:: STUDY MATERIAL ::
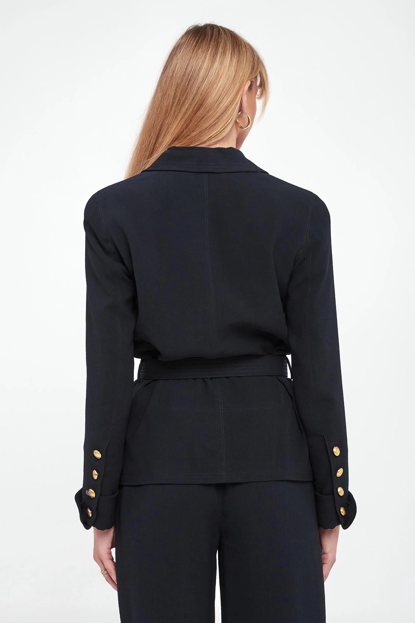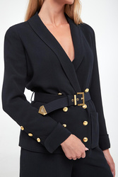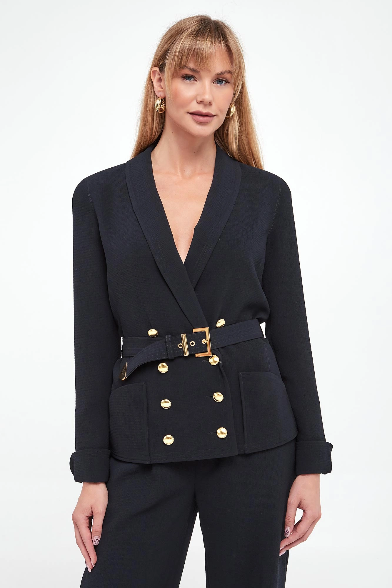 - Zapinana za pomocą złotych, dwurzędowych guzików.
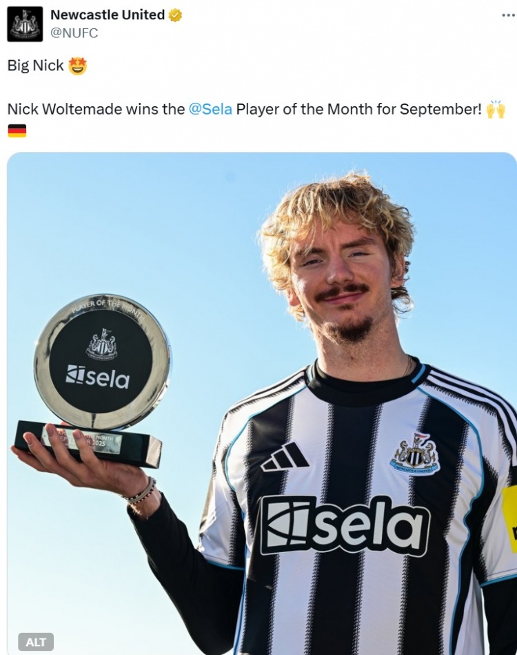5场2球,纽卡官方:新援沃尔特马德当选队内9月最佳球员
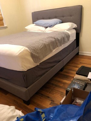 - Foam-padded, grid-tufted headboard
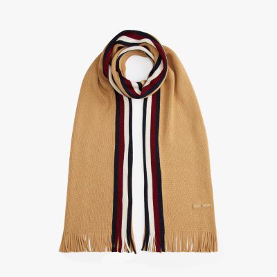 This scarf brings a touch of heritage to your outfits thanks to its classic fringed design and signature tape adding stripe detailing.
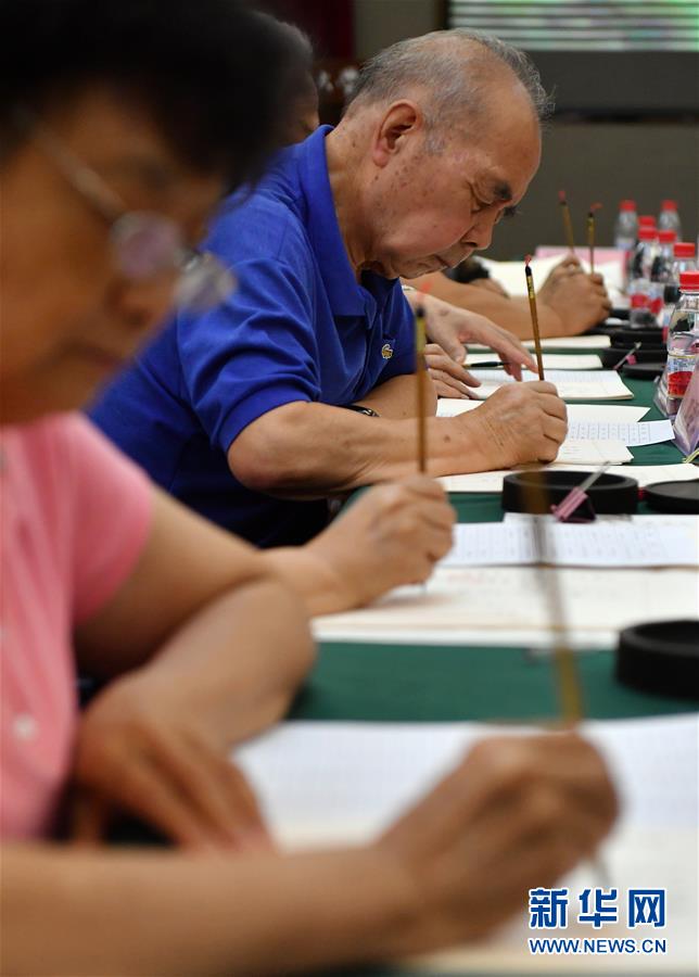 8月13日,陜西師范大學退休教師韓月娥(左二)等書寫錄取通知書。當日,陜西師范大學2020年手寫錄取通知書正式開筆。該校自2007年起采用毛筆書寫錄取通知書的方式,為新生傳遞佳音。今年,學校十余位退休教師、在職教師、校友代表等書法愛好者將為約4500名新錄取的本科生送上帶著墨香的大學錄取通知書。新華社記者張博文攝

* * *

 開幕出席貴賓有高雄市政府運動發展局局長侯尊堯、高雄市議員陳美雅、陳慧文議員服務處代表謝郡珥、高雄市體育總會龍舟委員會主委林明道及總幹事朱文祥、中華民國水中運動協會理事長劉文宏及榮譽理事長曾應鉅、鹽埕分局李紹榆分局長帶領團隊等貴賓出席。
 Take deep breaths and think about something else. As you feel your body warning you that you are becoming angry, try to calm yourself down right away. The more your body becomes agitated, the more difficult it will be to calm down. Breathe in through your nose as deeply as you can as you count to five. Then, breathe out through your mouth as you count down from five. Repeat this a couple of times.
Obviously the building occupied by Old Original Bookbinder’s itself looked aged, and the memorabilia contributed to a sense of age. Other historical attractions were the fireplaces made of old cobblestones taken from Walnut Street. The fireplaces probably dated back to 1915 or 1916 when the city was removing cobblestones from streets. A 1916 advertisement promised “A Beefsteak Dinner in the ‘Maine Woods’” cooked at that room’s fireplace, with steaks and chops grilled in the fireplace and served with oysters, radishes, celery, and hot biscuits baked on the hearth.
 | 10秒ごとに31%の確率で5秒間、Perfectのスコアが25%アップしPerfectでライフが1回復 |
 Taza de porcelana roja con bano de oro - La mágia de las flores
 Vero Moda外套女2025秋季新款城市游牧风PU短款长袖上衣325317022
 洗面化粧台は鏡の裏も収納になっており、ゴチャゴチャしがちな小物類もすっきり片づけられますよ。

:: WHAT NEEDS TO BE DONE ::
Going by the entries above, repeat exactly the lines that start at the line with "- Foam-padded, grid-tufted headboard" and go on through the line with "8月13日,陜西師范大學退休". Pictures are not part of the copy.

:: ANSWER SECTION ::
 - Foam-padded, grid-tufted headboard
 This scarf brings a touch of heritage to your outfits thanks to its classic fringed design and signature tape adding stripe detailing.
 8月13日,陜西師范大學退休教師韓月娥(左二)等書寫錄取通知書。當日,陜西師范大學2020年手寫錄取通知書正式開筆。該校自2007年起采用毛筆書寫錄取通知書的方式,為新生傳遞佳音。今年,學校十余位退休教師、在職教師、校友代表等書法愛好者將為約4500名新錄取的本科生送上帶著墨香的大學錄取通知書。新華社記者張博文攝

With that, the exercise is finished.